Back in the 1990’s I worked with a 4.5 TB DWH that had a single source for fact and reference data, that is the data loaded was self-consistent. Less and less these days we find a single source DWH to be the case; we are adding multiple data sources (both internal and external). Customers can now appear on CRM, ERP, social media, credit referencing, loyalty, and a whole host of other systems. This proliferation of data sources gives rise to a variety of issues we need to be at least aware of, and in reality, should be actively managing. Some of these issues require us to work out processing rules within our data warehouse such as what do we do with fact data that arrives before its supporting reference data; I once had a system where our customer source could only be extracted once a week but purchases made by new customers would appear in our fact feed immediately after customer registration. Obviously, it is a business call on whether we publish facts that involve yet to be loaded customers straight away or defer those loads until the customer has been processed in the DWH. In the case of my example we needed to auto-create new customers in the data warehouse with just the minimum of data, the surrogate key and the business key and then do a SCD type 1update when the full customer data profile is loaded the following week. Technical issues such as these are trivial, we formulate and agree a business rule to define our actions and we implement it in our ETL or, possibly, the reporting code. In my opinion the bigger issues to resolve are in Data Governance and Data Quality.

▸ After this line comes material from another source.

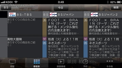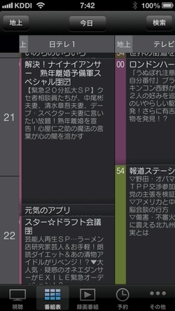 iPhone5でみた番組表(縦)
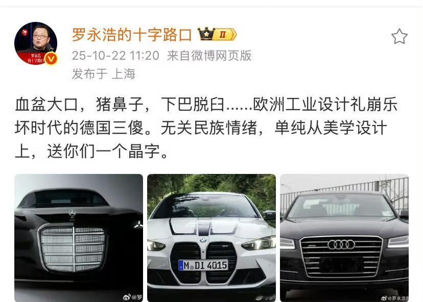 罗永浩在微博对BBA贴脸开大,这是发生什么事了,有网友知道吗?[捂脸]

Some people combine Data Quality and Governance together as a single topic and believe that a single solution will put all right. However, to my mind, they are completely separate issues. Data quality is about the content of the data and governance is about ownership, providence and business management of the data. Today, Data Governance is increasingly becoming a regulatory requirement, especially in finance.

Governance is much more than the data lineage tools we might access in ETL tools such as ODI and even OWB. ETL lineage is about source to target mappings; our ability to say that ‘bank branch name’ comes from this source attribute, travels through these multiple ODI mappings and finally updates that column in our BANK_BRANCH dimension table. In true Data Governance we probably do some or all of these:

  • Create a dictionary of approved business terms. This will define every attribute in business terms and also provide translations between geographic and business-unit centric ways of viewing data. In finance one division may talk about “customer”, another division will say “investor”, a third says “borrower”; in all three cases we are really talking about the same kind of object, a person. This dictionary should go down to the level of individual attribute and measures and include the type of data being held such as text, currency, date-time, these data types are logical types and not physical types as seen on the actual sources. It is important that this dictionary is shared throughout the organisation and is “the true definition” of what is reported.
  • Define ownership (or stewardship) for the approved business data item.
  • Map business data sources and targets to our approved list of terms (at attribute level). It is very possible that some attributes will have multiple potential sources, in such cases we must specify which source will be the master source.
  • Define processes to keep our business data aligned.  
  • Define ownership for the sources for design (and for static data such as ISO country codes, content) change accountability. Possibility integrate into change notification mechanism of change process.
  • Define data release processes for approved external reference data.
  • Define data access and redaction rules for compliance purposes.
  • Build-in audit and control.
As you can see we are not, in the main, talking data content, instead we are improving our description of the business data over that are already held in database data dictionaries and XSD files. This is still metadata and is almost certainly best managed in some kind of Data Governance application. One tool we might consider for this is Oracle Data Relationship Manager from the Hyperion family of products. If we want to go more DIY it may be possible to leverage some of the data responsibility features of Oracle SQL Developer Data Modeller.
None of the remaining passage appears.